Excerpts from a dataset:
+--
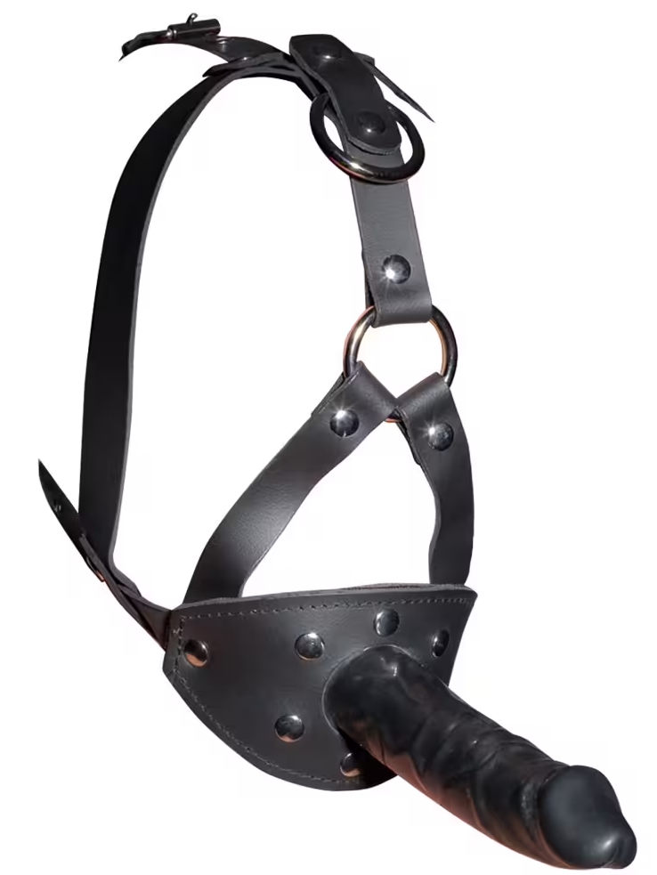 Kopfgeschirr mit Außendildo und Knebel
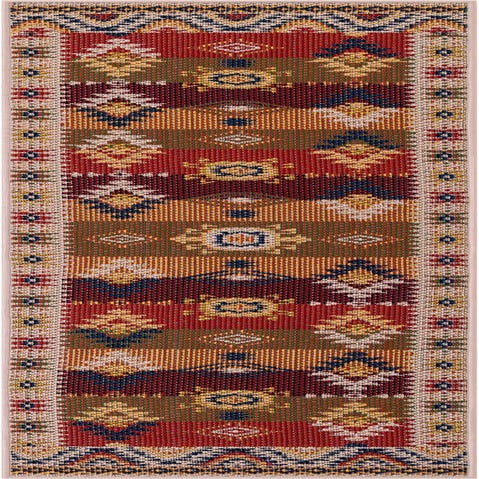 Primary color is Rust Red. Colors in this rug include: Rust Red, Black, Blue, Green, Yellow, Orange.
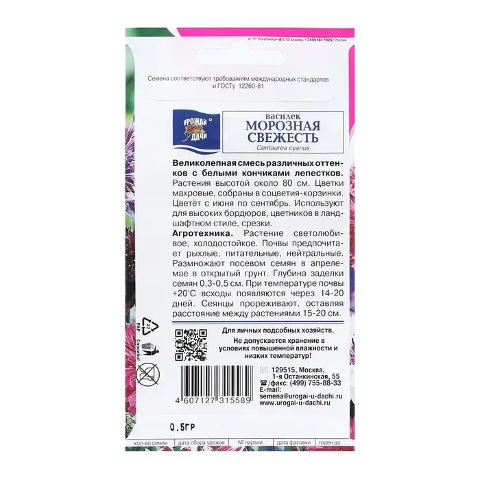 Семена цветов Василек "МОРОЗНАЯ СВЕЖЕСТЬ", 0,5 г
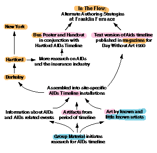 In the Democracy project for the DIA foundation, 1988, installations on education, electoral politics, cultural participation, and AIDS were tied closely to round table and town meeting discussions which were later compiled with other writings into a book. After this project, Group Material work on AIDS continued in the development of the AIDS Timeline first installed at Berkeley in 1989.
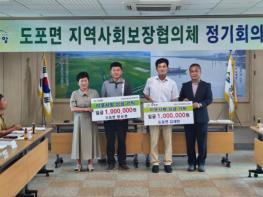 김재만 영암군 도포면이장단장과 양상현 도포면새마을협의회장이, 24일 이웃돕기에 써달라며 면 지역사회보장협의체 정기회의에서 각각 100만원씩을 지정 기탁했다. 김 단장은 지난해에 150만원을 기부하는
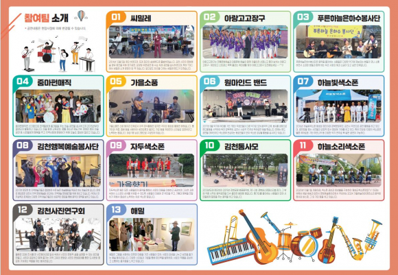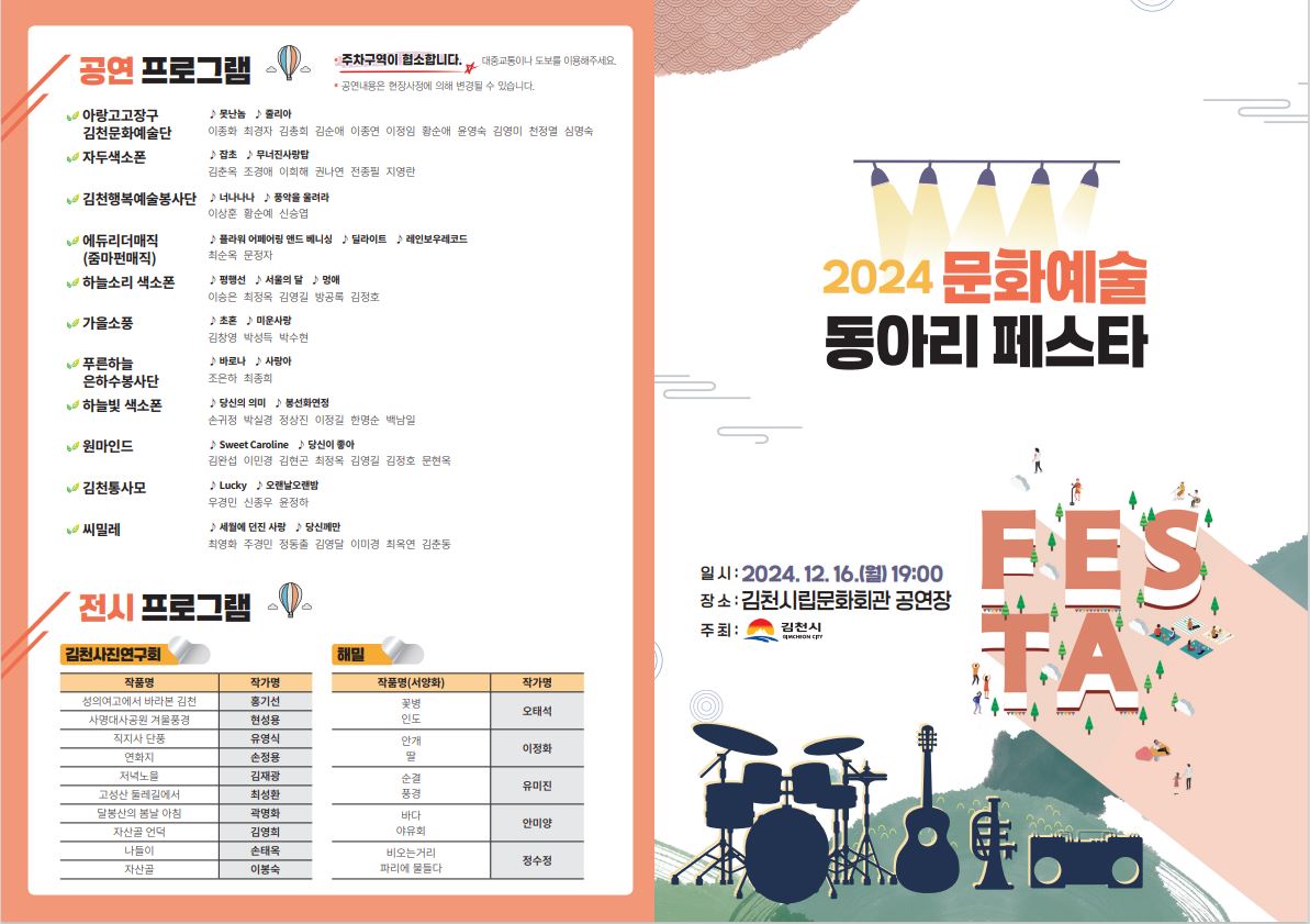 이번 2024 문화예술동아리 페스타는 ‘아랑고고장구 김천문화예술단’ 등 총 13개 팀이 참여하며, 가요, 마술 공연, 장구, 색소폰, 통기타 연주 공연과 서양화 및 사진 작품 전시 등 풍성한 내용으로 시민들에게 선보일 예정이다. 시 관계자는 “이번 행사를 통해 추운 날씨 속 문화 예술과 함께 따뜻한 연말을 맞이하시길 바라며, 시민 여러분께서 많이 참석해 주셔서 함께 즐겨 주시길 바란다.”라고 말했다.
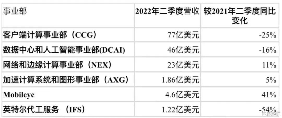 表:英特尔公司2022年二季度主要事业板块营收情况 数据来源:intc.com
+--
→ **Task instructions**
Each line from the one that holds "김재만 영암군 도포면이장단장과" through the final line of the data must be retyped exactly; the pictures must not appear.

→ **Response for this exercise**
 김재만 영암군 도포면이장단장과 양상현 도포면새마을협의회장이, 24일 이웃돕기에 써달라며 면 지역사회보장협의체 정기회의에서 각각 100만원씩을 지정 기탁했다. 김 단장은 지난해에 150만원을 기부하는
 이번 2024 문화예술동아리 페스타는 ‘아랑고고장구 김천문화예술단’ 등 총 13개 팀이 참여하며, 가요, 마술 공연, 장구, 색소폰, 통기타 연주 공연과 서양화 및 사진 작품 전시 등 풍성한 내용으로 시민들에게 선보일 예정이다. 시 관계자는 “이번 행사를 통해 추운 날씨 속 문화 예술과 함께 따뜻한 연말을 맞이하시길 바라며, 시민 여러분께서 많이 참석해 주셔서 함께 즐겨 주시길 바란다.”라고 말했다.
 表:英特尔公司2022年二季度主要事业板块营收情况 数据来源:intc.com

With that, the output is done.